What the exercise asks –
Only the text of the records belongs in the answer, copied exactly, with every picture omitted.

[Records from a collection]
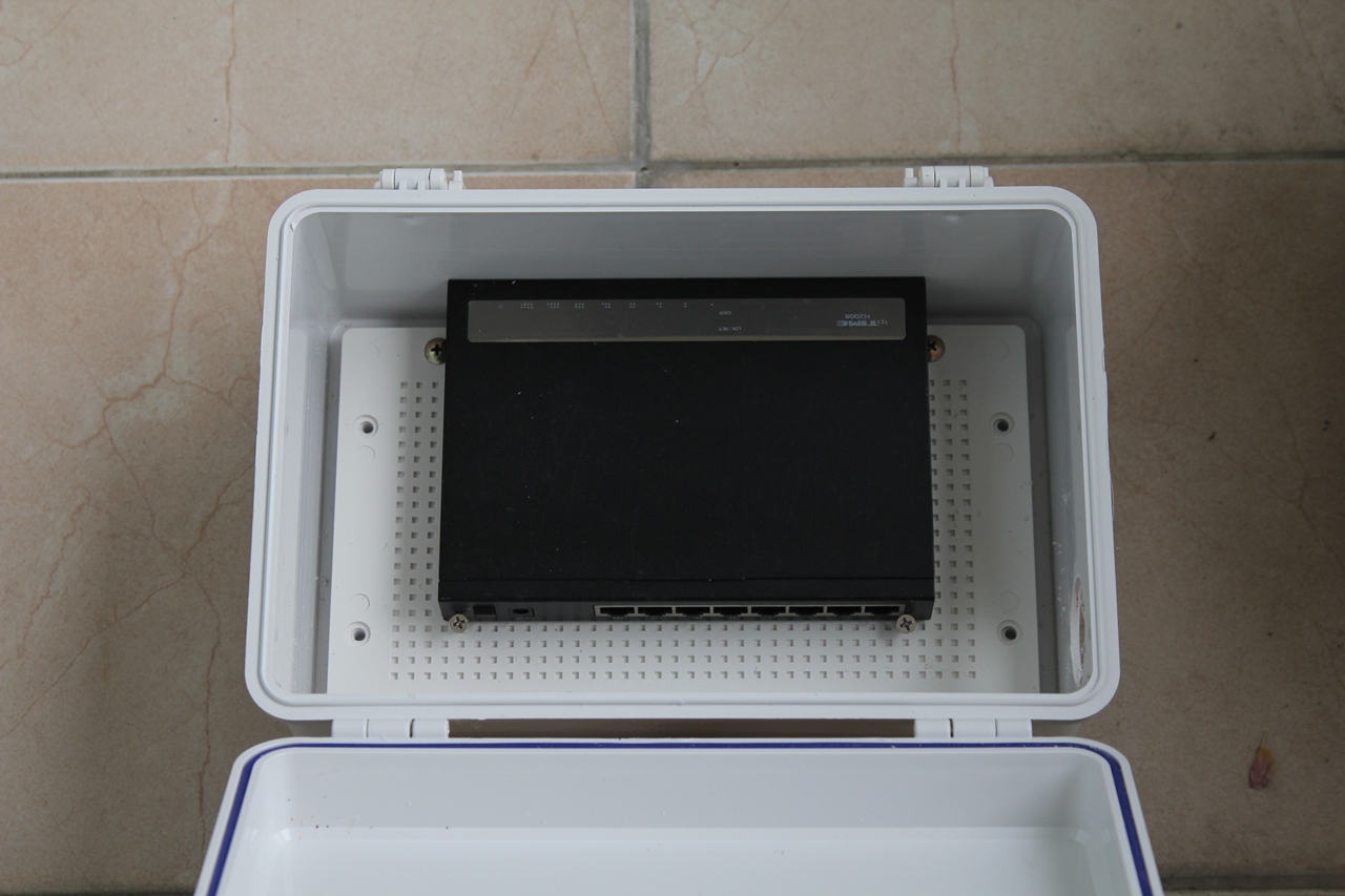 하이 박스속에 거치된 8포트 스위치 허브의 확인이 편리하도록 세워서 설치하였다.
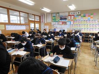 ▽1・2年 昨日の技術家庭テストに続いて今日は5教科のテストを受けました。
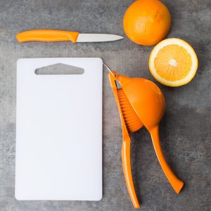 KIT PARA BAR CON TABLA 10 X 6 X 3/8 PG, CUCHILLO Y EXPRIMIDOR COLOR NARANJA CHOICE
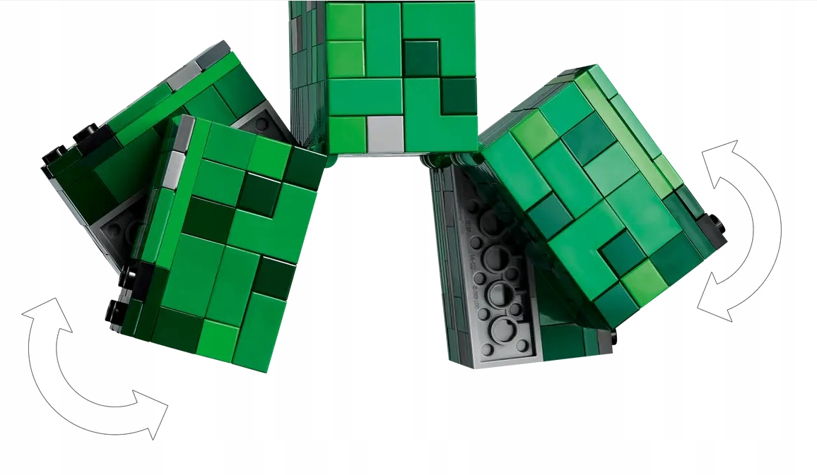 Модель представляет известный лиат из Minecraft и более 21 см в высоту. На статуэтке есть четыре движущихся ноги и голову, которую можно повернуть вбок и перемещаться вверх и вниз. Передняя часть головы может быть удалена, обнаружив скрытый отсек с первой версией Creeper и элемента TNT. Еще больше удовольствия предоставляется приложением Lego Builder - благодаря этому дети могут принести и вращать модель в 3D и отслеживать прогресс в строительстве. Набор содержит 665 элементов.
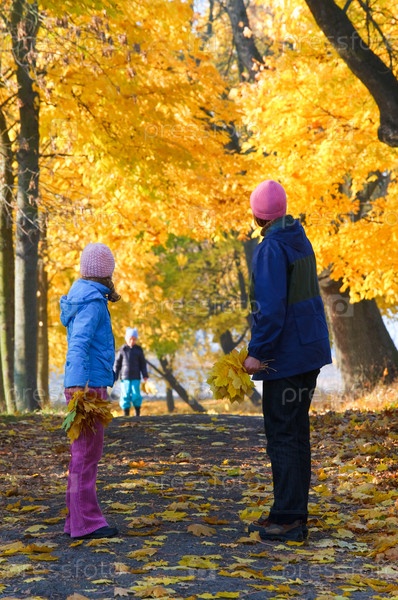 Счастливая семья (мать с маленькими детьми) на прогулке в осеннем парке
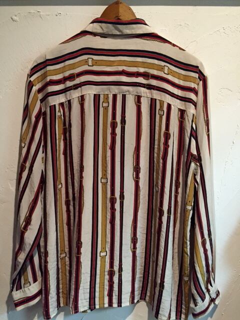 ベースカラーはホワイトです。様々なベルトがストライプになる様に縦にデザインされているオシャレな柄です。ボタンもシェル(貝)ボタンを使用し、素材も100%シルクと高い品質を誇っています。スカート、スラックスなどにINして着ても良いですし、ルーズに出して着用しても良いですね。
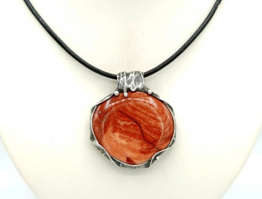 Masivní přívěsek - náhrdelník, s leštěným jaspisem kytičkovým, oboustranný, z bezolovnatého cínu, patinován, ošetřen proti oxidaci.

Reply –
 하이 박스속에 거치된 8포트 스위치 허브의 확인이 편리하도록 세워서 설치하였다.
 ▽1・2年 昨日の技術家庭テストに続いて今日は5教科のテストを受けました。
 KIT PARA BAR CON TABLA 10 X 6 X 3/8 PG, CUCHILLO Y EXPRIMIDOR COLOR NARANJA CHOICE
 Модель представляет известный лиат из Minecraft и более 21 см в высоту. На статуэтке есть четыре движущихся ноги и голову, которую можно повернуть вбок и перемещаться вверх и вниз. Передняя часть головы может быть удалена, обнаружив скрытый отсек с первой версией Creeper и элемента TNT. Еще больше удовольствия предоставляется приложением Lego Builder - благодаря этому дети могут принести и вращать модель в 3D и отслеживать прогресс в строительстве. Набор содержит 665 элементов.
 Счастливая семья (мать с маленькими детьми) на прогулке в осеннем парке
 ベースカラーはホワイトです。様々なベルトがストライプになる様に縦にデザインされているオシャレな柄です。ボタンもシェル(貝)ボタンを使用し、素材も100%シルクと高い品質を誇っています。スカート、スラックスなどにINして着ても良いですし、ルーズに出して着用しても良いですね。
 Masivní přívěsek - náhrdelník, s leštěným jaspisem kytičkovým, oboustranný, z bezolovnatého cínu, patinován, ošetřen proti oxidaci.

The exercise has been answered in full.